AWD, though, does require timely dry-downs of the irrigation water. If the dry-down period correlates with a heavy rain, that will save on irrigation, but it won't really translate into lower methane emissions, Reba explained.

The lower pumping also reduces carbon dioxide emissions from the diesel or electric pumps operating less.

CARBON CREDITS

Ryan Sullivan, a fifth-generation farmer from Burdette, Arkansas, said his farm began working both with Reba and Massey as long as 15 years ago to measure methane emissions and focus on water efficiency. Using AWD, Sullivan said they saw significant methane reductions but also were not seeing yield losses. The farm does two dry-downs of irrigation water throughout the season.

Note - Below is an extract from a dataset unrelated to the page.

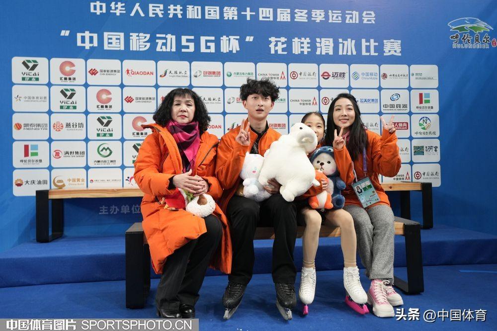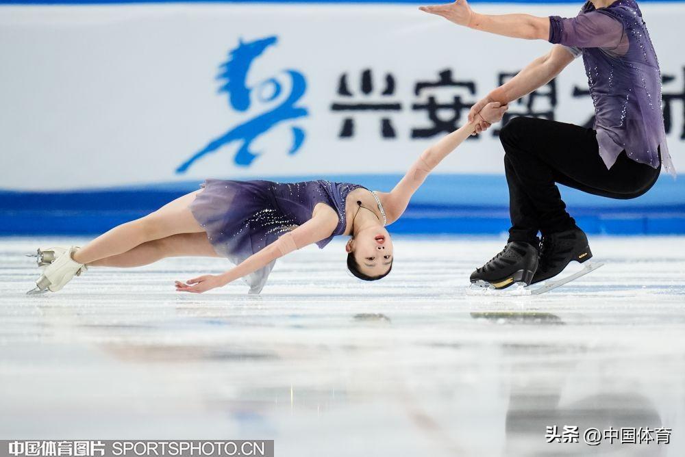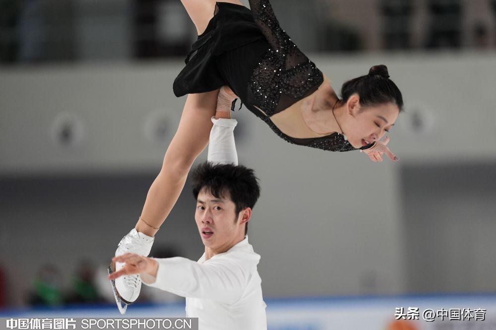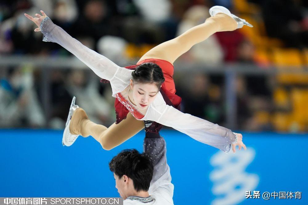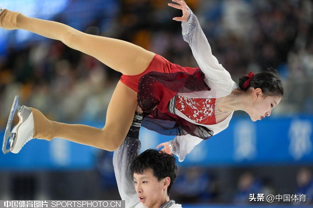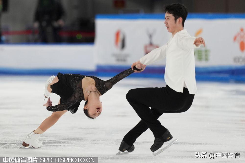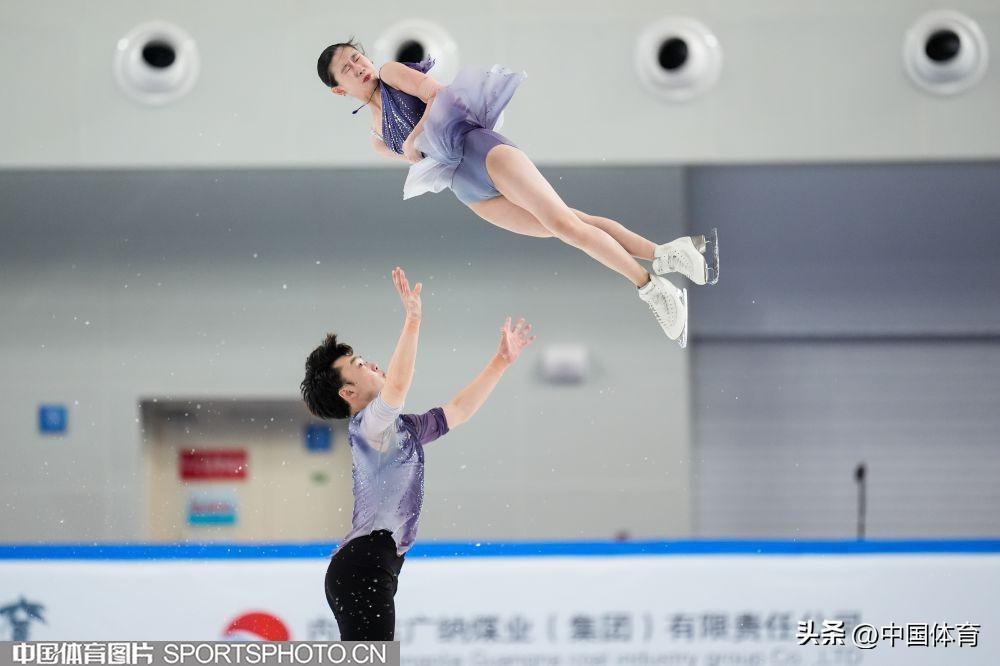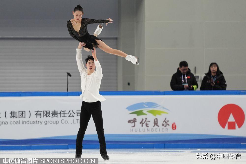 中國體育訊 2月22日,第十四屆全國冬季運動會花滑公開組團體雙人滑自由滑在內蒙古冰上運動訓練中心短道花樣館舉行。來自北京的彭程/王磊以122.78分成績位列第一,黑龍江隊張思陽/楊泳超和廣東隊郭蕊/張益文分列二、三位,成績分別爲108.33分和105.33分。昔日雙人滑搭檔、奧運冠軍隋文靜和韓聰分別以教練員和裁判員的身份亮相賽場。(中國體育圖片 倪敏哲 魏徵 攝)

"We were able maintain our yields, pump less water and let the dry-downs happen to reduce the methane gas," Sullivan said.

Working on research led to Sullivan's farm also partnering with groups like USA Rice and Ducks Unlimited on a USDA Regional Conservation Partnership Program to use the Field to Market Fieldprint Platform.

Sullivan also connected with AgriCapture to certify its practices and methane reductions. Last week, AgriCapture announced it had sold credits representing the equivalent of 37,000 tons of carbon dioxide emissions reduced, generating the "first large-scale issuance" of carbon credits from the rice industry.

"Essentially, what that money is paid for is methane reductions and the water reduction," Sullivan said. "We're having to keep irrigation records and all of that."

Leaders at CTIC announced next year's tour will look at conservation practices in South Dakota. The date has not been set yet.